Data segment:
━━━

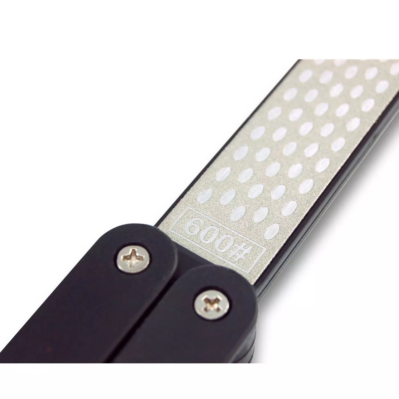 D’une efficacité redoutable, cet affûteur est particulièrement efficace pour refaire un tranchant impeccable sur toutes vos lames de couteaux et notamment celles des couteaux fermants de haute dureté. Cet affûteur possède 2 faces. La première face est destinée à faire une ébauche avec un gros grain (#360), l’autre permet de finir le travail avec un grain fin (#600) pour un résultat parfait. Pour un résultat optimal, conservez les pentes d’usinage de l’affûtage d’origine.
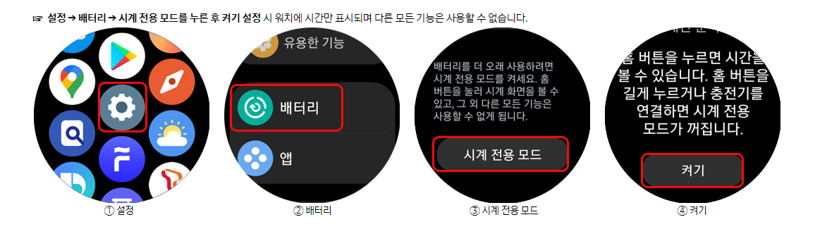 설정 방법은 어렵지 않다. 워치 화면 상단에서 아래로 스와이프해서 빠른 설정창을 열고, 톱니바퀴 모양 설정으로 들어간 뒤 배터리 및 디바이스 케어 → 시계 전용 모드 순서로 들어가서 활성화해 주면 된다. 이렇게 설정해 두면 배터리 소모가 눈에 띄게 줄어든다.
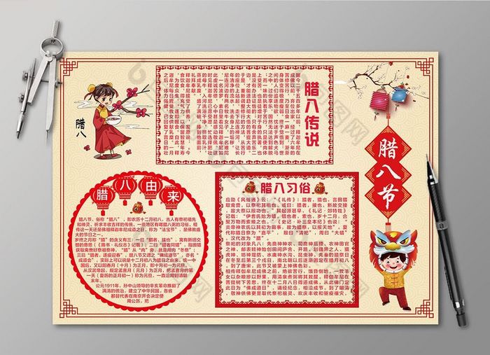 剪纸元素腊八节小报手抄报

━━━

Assignment: With the pictures excluded, restate the material exactly as it stands.

Solution to the exercise:
 D’une efficacité redoutable, cet affûteur est particulièrement efficace pour refaire un tranchant impeccable sur toutes vos lames de couteaux et notamment celles des couteaux fermants de haute dureté. Cet affûteur possède 2 faces. La première face est destinée à faire une ébauche avec un gros grain (#360), l’autre permet de finir le travail avec un grain fin (#600) pour un résultat parfait. Pour un résultat optimal, conservez les pentes d’usinage de l’affûtage d’origine.
 설정 방법은 어렵지 않다. 워치 화면 상단에서 아래로 스와이프해서 빠른 설정창을 열고, 톱니바퀴 모양 설정으로 들어간 뒤 배터리 및 디바이스 케어 → 시계 전용 모드 순서로 들어가서 활성화해 주면 된다. 이렇게 설정해 두면 배터리 소모가 눈에 띄게 줄어든다.
 剪纸元素腊八节小报手抄报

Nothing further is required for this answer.